According to Bloomberg Billionaires Index he is the richest man in Russia and 58th richest in the world in April 2021 with an estimated net worth of US$ 26.6 billion.

Background
Vladimir Lisin got his first job in 1975 working as a mechanic in a Soviet coalmine, and after studying at the Siberian Metallurgic Institute got a job working as a welder foreman at Tulachermet Metals Works. He rose through the ranks to become section manager, shop manager in 1979 and deputy chief engineer in 1986.

In 1992, he joined a group of traders (the Trans-World Group) who won control of Russia's steel and aluminium industry. When the partners split in 2000, he received 13% of the firm and later achieved a controlling share. His former boss was named the Minister for Russian Metallurgy, and Lisin became the sole owner of Novolipetsk Steel in 2000.

Since 1993, he has been a board member of several Russian metal producers, including NLMK, MMK and Sayansk and Novokuznetsk Aluminium Plants and has been a member of the board of directors of Novolipetsk Steel (NLMK) since 1996 and its chairman since 1998. He previously worked as deputy chief engineer and as deputy general director of the Karaganda Steel Plant, one of Kazakhstan's four largest steel plants.

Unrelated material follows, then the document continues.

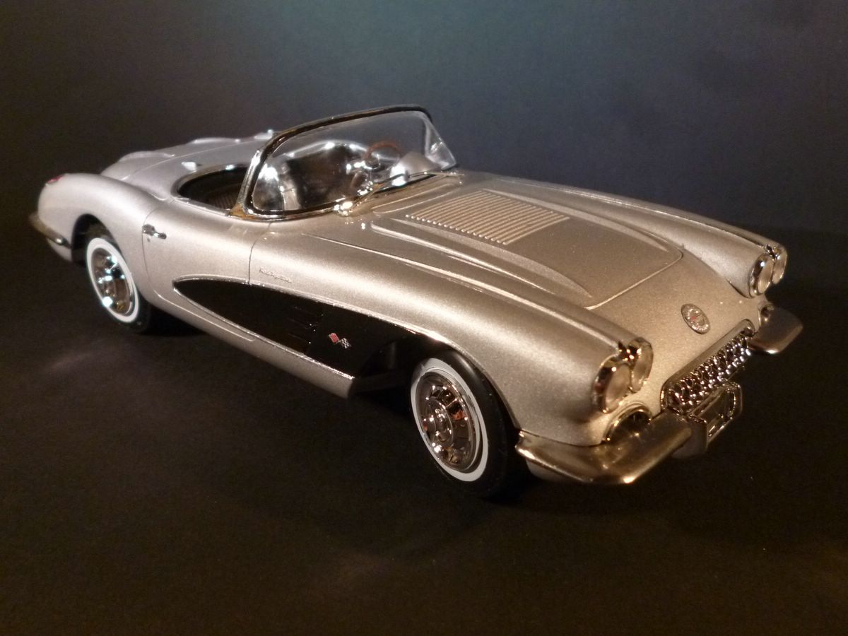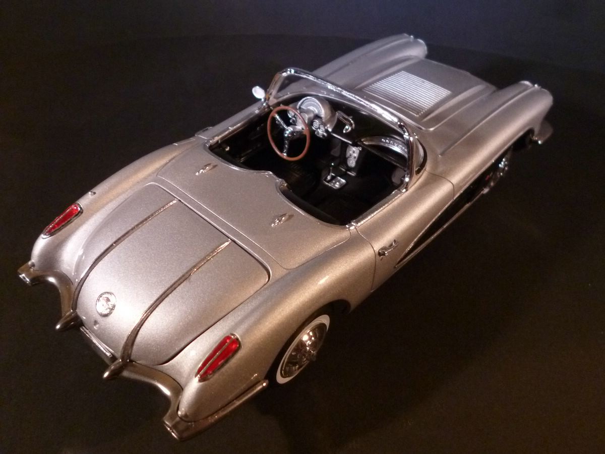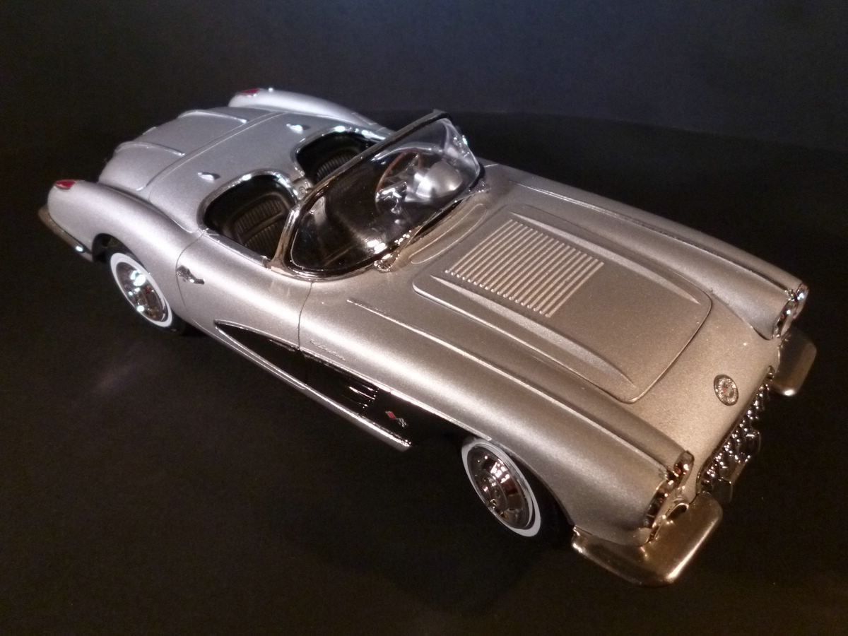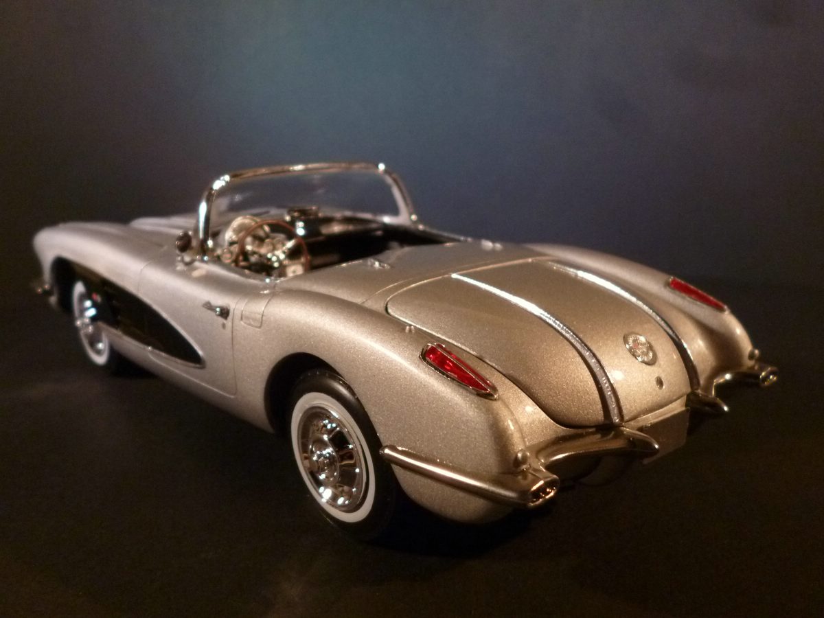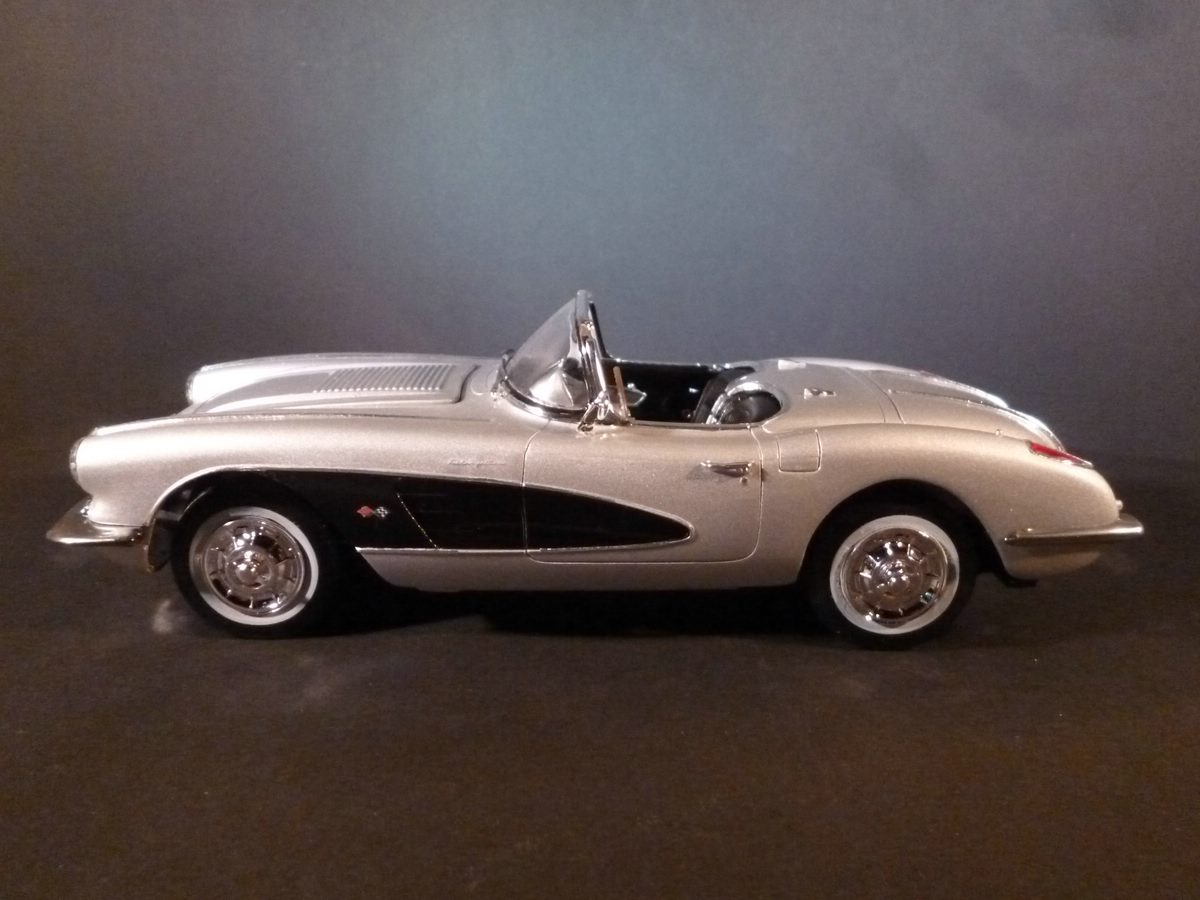 Mit dieser C1 gesellt sich eine dritte Corvette der ersten Generation in das Regal. Die Unterschiede zur 1957er Corvette sind deutlich. Wie ziemlich alle Amerikaner aus dem Jahre 1958 wurde die Corvette ebenfalls mit Doppelscheinwerfern versehen. Waren diese doch erst ab 1958 gesetzlich erlaubt. Schon aufgefallen? Ziemlich alle Hersteller veränderten ihre Fahrzeuge im Jahre 1958 an der Front

Lisin was member of the board of directors of Zenit Bank. Lisin sits on the board of directors of the Novolipetskii Metallurgical Combine, one of largest steel companies in Russia, in 1998 and still holds that position. He is a director at CJSC Chernomorneftegaz. He was a Director of Norilsk Nickel Mining and Metallurgical Co. since 2002. He has been chairman of JSC Novolipetsk Iron & Steel Corporation (OJSC Novolipetsk Steel) since June 2007. He served as an independent member of the board of directors of OJSC United Shipbuilding Corporation in 2008–2012.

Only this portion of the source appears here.